Records excerpted from a collection:
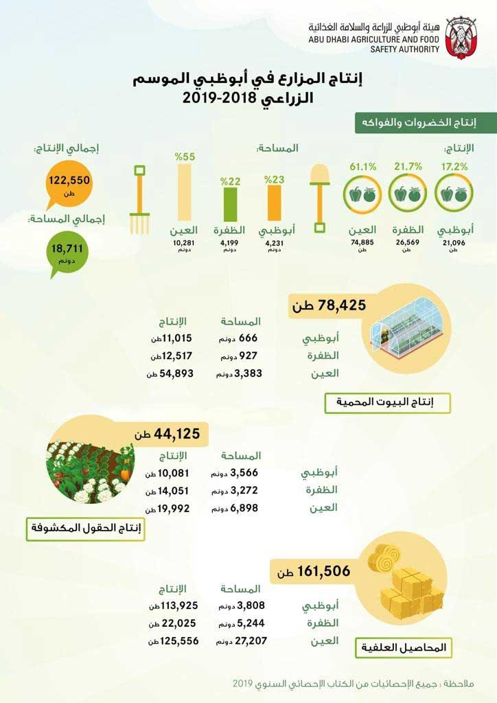 ثم أخيراً مزارع أبوظبي التي أنتجت نحو 21 ألفاً و96 طناً بنسبة 17.2% من إجمالي الإنتاج وبمساحة إجمالية قدرت بنحو 4 آلاف و231 دونماً بنسبة 23% من إجمالي المساحة المزروعة في أبوظبي.
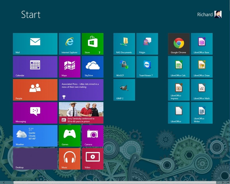 The tiles are large, to facilitate easy interaction with large fingers even on small screens, but on a large desktop monitor it looks decidedly out of place. If you right-click on a tile to remove it, change it, etc then the menu that results opens at the very bottom of the screen – where it would be easy to move a finger to, but it feels odd to have to move a mouse cursor so far between related commands.
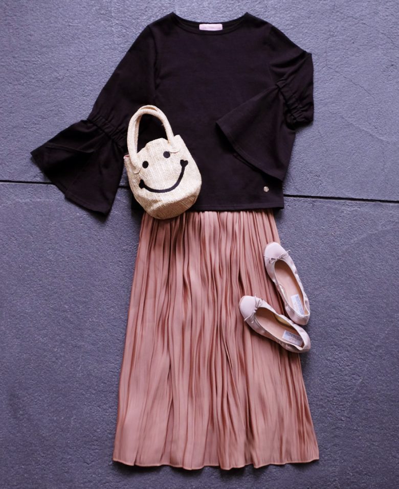 【ブラックのTシャツ×ゴールドのギャザースカート×ニコチャンバッグ×スクエアバレエ】
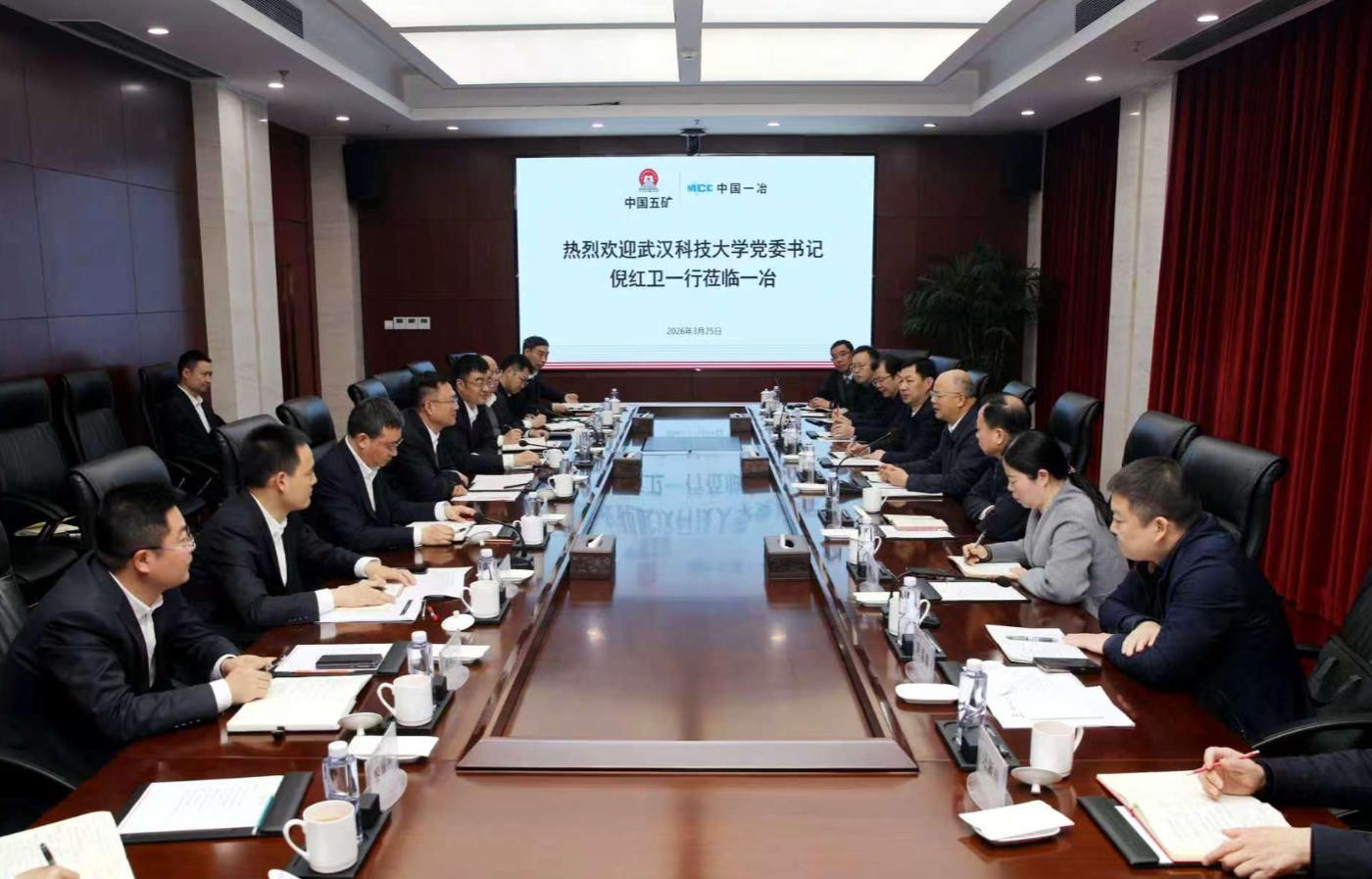 近日,武汉科技大学党委书记倪红卫、校长吕勇带队走访中国宝武钢铁集团有限公司、中国五矿集团有限公司的多家子公司,全面落实共建协议,深化协同发展,进一步推动学校一流学科建设与企业科技创新的深度融合。
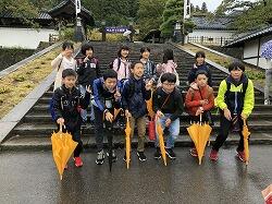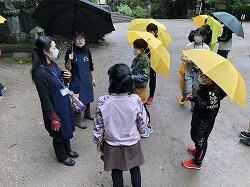 飯盛山にて、見学中です。ほとんど傘をささずに見学できるぐらいの天気です。
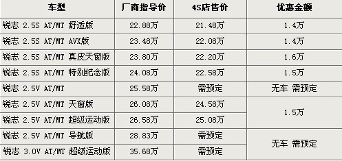 目前銳志全系車型最高優(yōu)惠可到1.6萬元。目前優(yōu)惠后的最低售價(jià)僅為21.48萬元,其中現(xiàn)車主要是2.5S版車型,2.5V部分車型需要預(yù)訂,訂金需要交納5000元。最快11月才能提車。

Exercise prompt: Pictures aside, repeat every entry exactly as written.

Output below:
 ثم أخيراً مزارع أبوظبي التي أنتجت نحو 21 ألفاً و96 طناً بنسبة 17.2% من إجمالي الإنتاج وبمساحة إجمالية قدرت بنحو 4 آلاف و231 دونماً بنسبة 23% من إجمالي المساحة المزروعة في أبوظبي.
 The tiles are large, to facilitate easy interaction with large fingers even on small screens, but on a large desktop monitor it looks decidedly out of place. If you right-click on a tile to remove it, change it, etc then the menu that results opens at the very bottom of the screen – where it would be easy to move a finger to, but it feels odd to have to move a mouse cursor so far between related commands.
 【ブラックのTシャツ×ゴールドのギャザースカート×ニコチャンバッグ×スクエアバレエ】
 近日,武汉科技大学党委书记倪红卫、校长吕勇带队走访中国宝武钢铁集团有限公司、中国五矿集团有限公司的多家子公司,全面落实共建协议,深化协同发展,进一步推动学校一流学科建设与企业科技创新的深度融合。
 飯盛山にて、見学中です。ほとんど傘をささずに見学できるぐらいの天気です。
 目前銳志全系車型最高優(yōu)惠可到1.6萬元。目前優(yōu)惠后的最低售價(jià)僅為21.48萬元,其中現(xiàn)車主要是2.5S版車型,2.5V部分車型需要預(yù)訂,訂金需要交納5000元。最快11月才能提車。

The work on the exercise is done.